More recently, Malcolm Lavoie of the University of Alberta’s Faculty of Law has published a piece on SSRN (soon to be published in the Dalhousie Law Journal),[1] agreeing with Justice LeBlanc’s interpretation of s.121, but arguing that His Honour’s decision left some important questions unanswered – namely whether any barriers to trade are permissible under s.121. Professor Lavoie offers a proposed framework for interpreting s.121, which seeks to balance a robust free trade federation with the provincial authority to regulate property and civil rights in each province. Under Professor Lavoie’s proposed framework, a provincial law that discriminates against interprovincial trade either directly or indirectly should be struck down unless it is necessary for the operation of an otherwise valid provincial regulatory scheme. Where a measure merely has the effect of burdening trade, it should be upheld so long as it is rationally and functionally connected to the valid scheme.[2]

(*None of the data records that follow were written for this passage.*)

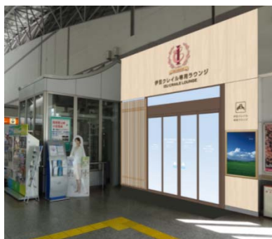
専用ラウンジ外観(イメージ)

ご利用可能日時：「IZU CRAILE」運行日 10:30～11:30(出発時刻10分前まで)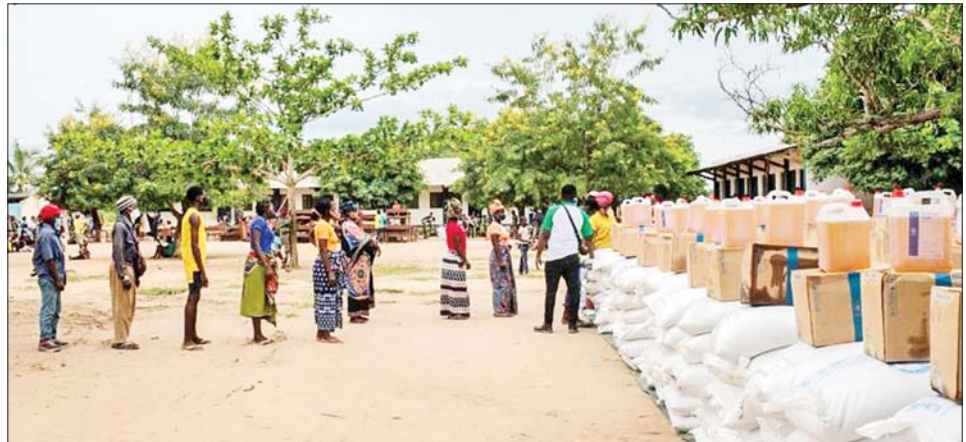
မိုဇမ်ဘစ်နိုင်ငံမြောက်ပိုင်းတွင် ကုလသမဂ္ဂ ကမ္ဘာ့စားနပ်ရိက္ခာအစီအစဉ်မှ ဖြန့်ဝေပေးသော စားနပ်ရိက္ခာများကို ရရှိရန် တန်းစီစောင့်ဆိုင်းနေသူများကို တွေ့ရစဉ်။

သည် အခြေအနေကို သတိထား စောင့်ကြည့်လျက် ရှိကြောင်း သတင်းထောက်များကိုပြောကြား လိုက်သည်။ ကာဘိုဒယ်ဂါတိုတွင် ဖြစ်ပွား သော လက်နက်ကိုင်ပဋိပက္ခများ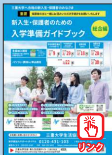
入学準備ガイドブック 総合編

Professor Lavoie’s proposed formula would provide the courts with a way to affirm the substantive content of s.121 without opening the floodgates to overturn every single provincial law that affects trade. It also has the benefit of rendering the issue of whether Gold Seal should be overturned essentially moot. Lavoie acknowledges that s.91 of the Constitution Act, 1867 states that Parliament may legislate in relation to its enumerated powers “notwithstanding anything in this Act,” meaning that its authority to pass laws dealing with interprovincial trade and commerce is paramount to s.121.[3] As such, s.121 only applies to the provincial legislatures, and thus Gold Seal need not be overturned since that decision concerned a federal statute.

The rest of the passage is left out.